Atividade carbonífera e seus danos socioambientais em Santa Catarina

Novidades

03/10/2007 Mineiros ocupam sede do Siecesc

Cerca de 300 operários da Cooperminas ocuparam nesta manhã a sede do Sindicato das Indústrias Carboníferas (Siecesc) para protestar contra o veto do consórcio de empresas às negociações da cooperativa com a Tractebel.

A direção da Cooperminas, segundo o presidente do sindicato dos mineiros, Aílson Tournier, acordou uma venda antecipada à Tractebel em torno de R$ 22 milhões, dos quais R$ 10 milhões seriam liberados agora e o restante em 30 dias.

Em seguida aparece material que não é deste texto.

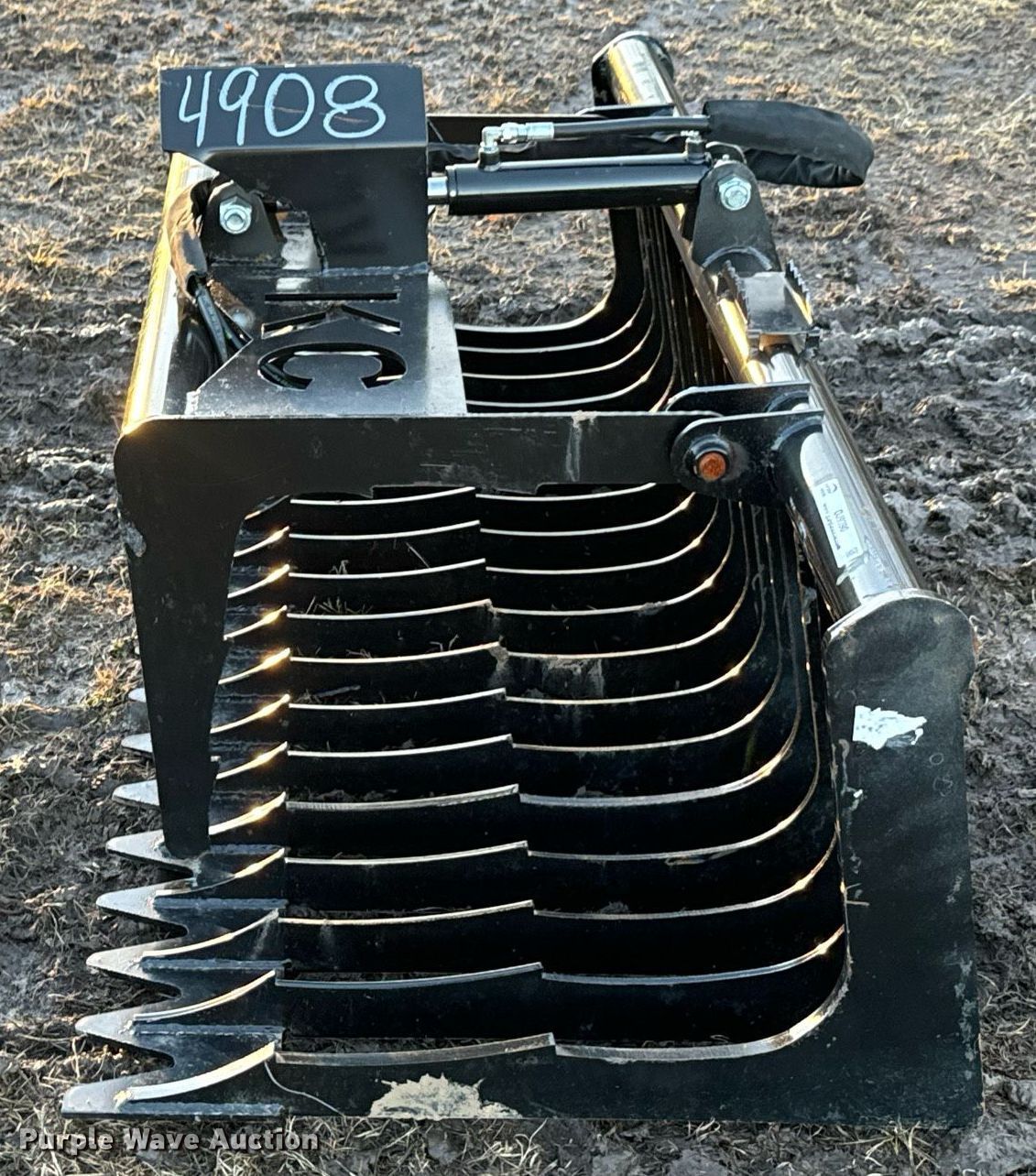 This KC skid steer rock grapple bucket will sell to the highest bidder regardless of price.

A cooperativa, acrescentou o sindicalista, conseguiu também ampliar a sua cota mensal de carvão energético para a empresa em cinco mil toneladas. "O impasse surgiu com a necessidade da Tractebel obter a autorização do consórcio de empresas que a abastece", explicou Tournier.

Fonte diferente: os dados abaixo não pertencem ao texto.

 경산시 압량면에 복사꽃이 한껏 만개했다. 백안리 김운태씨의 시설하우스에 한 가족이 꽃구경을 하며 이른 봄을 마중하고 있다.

"Alguns empresários condicionaram a negociação ao reajuste de 8% no preço do carvão retroativo a janeiro, quando na verdade esse aumento vigora a partir do mês passado", acrescentou ele.

Medição

Ainda pela manhã, uma comissão formada pelo presidente da Cooperminas, Edílson Medeiros, pelo ex-deputado José Paulo Serafim e pelo ex-deputado federal Jorge Boeira entrou em contato com diretores das carboníferas Meropolitana e Criciúma.

A mediação, segundo Tournier, visa sensibilizar os empresários para o "quadro social bancado pela cooperativa. A Cooperminas abriga 800 trabalhadores, mas poderia funcionar com apenas 400", sublinhou. "É uma questão de responsabilidade social já que enxugar o número de cooperados só agravaria o problema do desemprego na região."